Research grants, like those that fund so many programs at URI, that expire on October 1 will not be renewed until the shut-down is over. Depending on the length of the shut-down, lots of normal government business may be tied up by backlogs caused by this unscheduled, not to mention assinine, government shut-down.

Funding that is in the pipeline – to Charlestown, to RI-CAN, Chariho, etc. – may or may not be processed, depending on where the payments are in the process. If the payments haven’t left the building, the odds are that the people responsible for processing that payment will not be there to finish processing them.

If the check really has been put in the mail, it will be delivered since the US Postal Service with its woefully inadequate though separate budget is not affected by the shut-down. They have their own and equally dire problems, but this Tea Party-inflicted bit of economic terrorism isn’t one of them.

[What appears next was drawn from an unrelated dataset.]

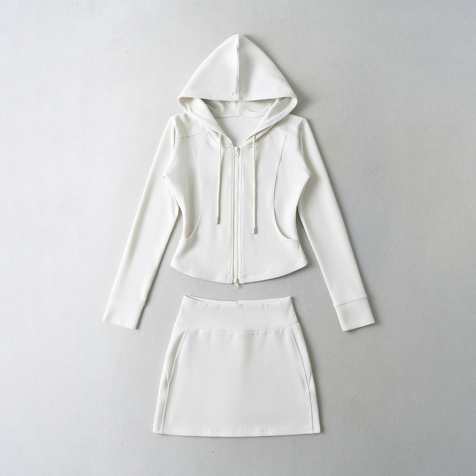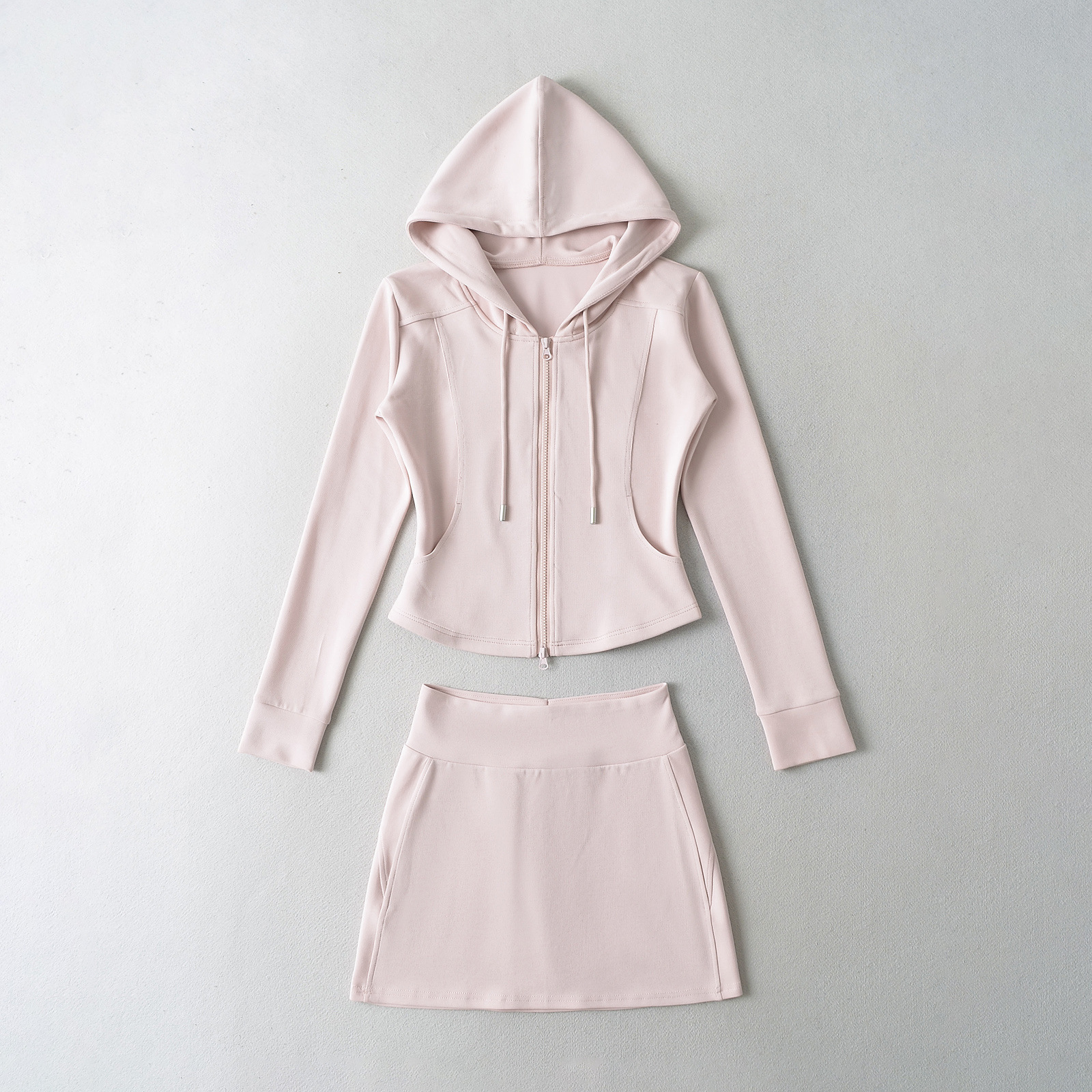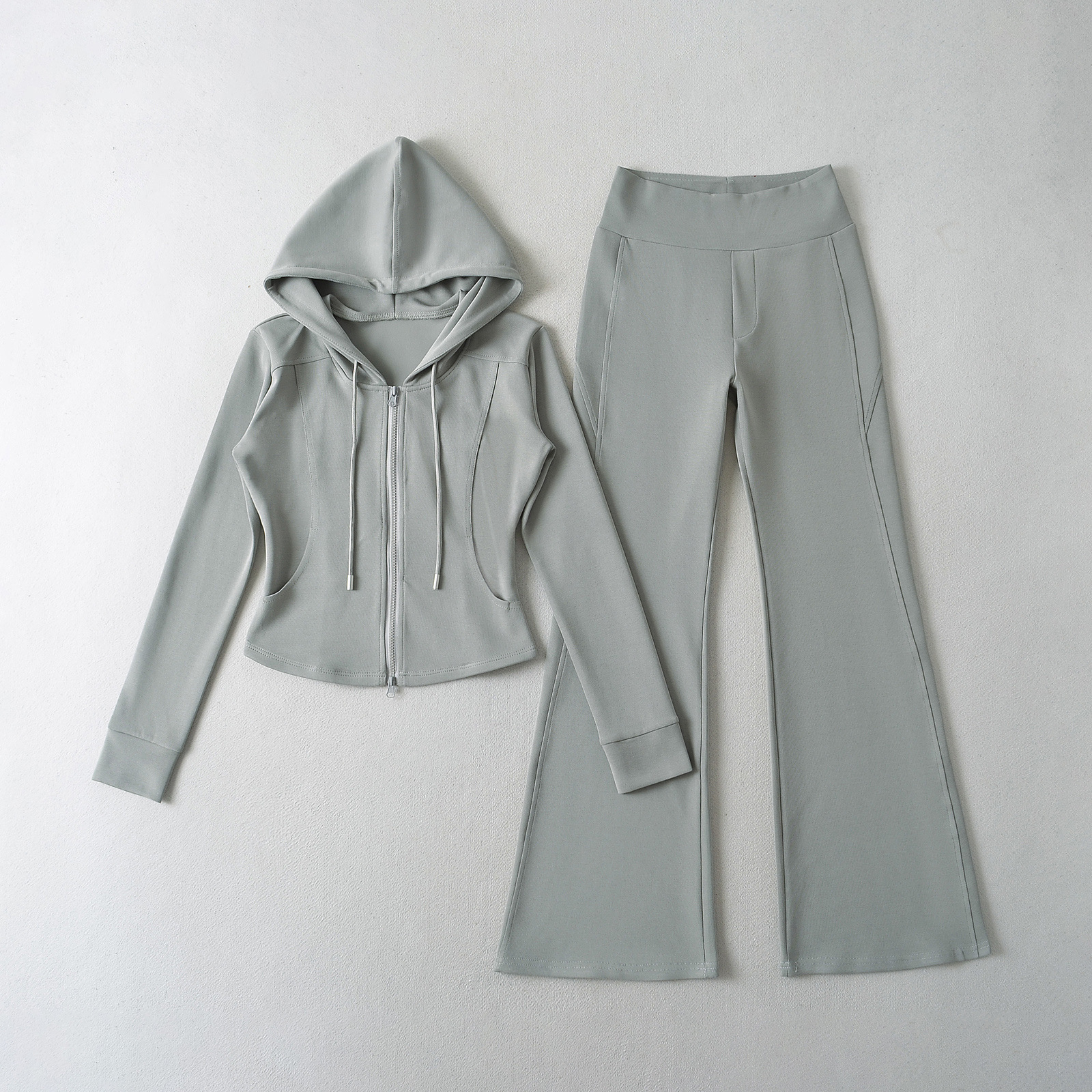 패션 스티칭 허리 슬리밍 지퍼 후드 스웨터 여성용 미국식 핫 걸 슬림 핏 플레어 팬츠

Charlestown's own civilian helicopter gun ship (Charlestown Police
Department photo)
For Charlestown gun fanciers, of which we have many, if you want some new weaponry to fire from a helicopter or use to hunt down bears and need any permitting involvement from the Bureau of Alcohol, Tobacco and Firearms to get your exotic weaponry, faggeddaboudit. They’ll be closed during the shut-down.

You won't be able to get a new FAA pilot's license or renew an expired one.

There won't be any federal licensing authority to issue salt-water fishing licenses. On the other hand, there won’t be any feds from NOAA around to enforce the rules. But you will still need your Rhode Island license since, in Rhode Island, you need both a state and federal license. I'm sure the DEM Environmental Police will pick up the slack.


Local roads slated for repair if the federal funding comes through.
Approved at the Sept 9 Council meeting, the feds would pay for the
road repairs and Charlestown commits to maintain the roads later.
Charlestown just recently found out it's likely to get federal funding to repair eight local roads under the federal High Risk Rural Roads Systemic Improvement Project. Unless the check is already in the mail, this too is likely going to get jammed up in the shut-down. 

Federal funding, large and small, for all manner of local needs such as transportation, infrastructure, education, health care, etc. will all be tied up for the duration of the shut-down.

If the shut-down does happen, as now seems likely, it will be a mess but not one that everyone will see at first. Nor will the effects be felt equally. Federal workers, families with someone in military service and people whose jobs are dependent on federal funding  will be among the first to be harmed. They will take the brunt of it in lost earnings. 

But very shortly, the shut-down will affect everyone because this will also cause a jolt to the economy.

The threat of a shut-down, and coming shortly after that on October 17, hitting the debt ceiling and potentially defaulting, is already costing all of us who have retirement or investment savings. The stock market has been giving up a lot of the gains it has made over the past few months with day after day of losses. The Dow Jones Industrial Average lost 300 points (around 2%) in the past two weeks, based almost entirely on investor worries over the nonsense in Congress.

Who ya gonna trust? President Obama or this guy?
The event that triggered the Republicans to hit the “self-destruct” button for the United States is the October 1 start-up of the latest phase “Obamacare” (a.k.a. the Affordable Care Act). 

Starting Oct. 1, uninsured people will be able to get affordable health insurance. Budget projections – including those used by the Republicans – show that “Obamacare” will actually reduce the cost of government and the deficit, and boost the economy.

Ironically, the Republican decision to force this shut-down will have no effect on progress to put "Obamacare" into action. It will not stop the new health care exchanges from going on line on October 1. 

I wish there was an affordable health care solution for the deep-seated illness that infects our national government. Even if the Tea Party-driven fairy tale about Obamacare was true, is inflicting such pain on so many people and so much damage on the country the way to address it? How much longer must we suffer from their insanity?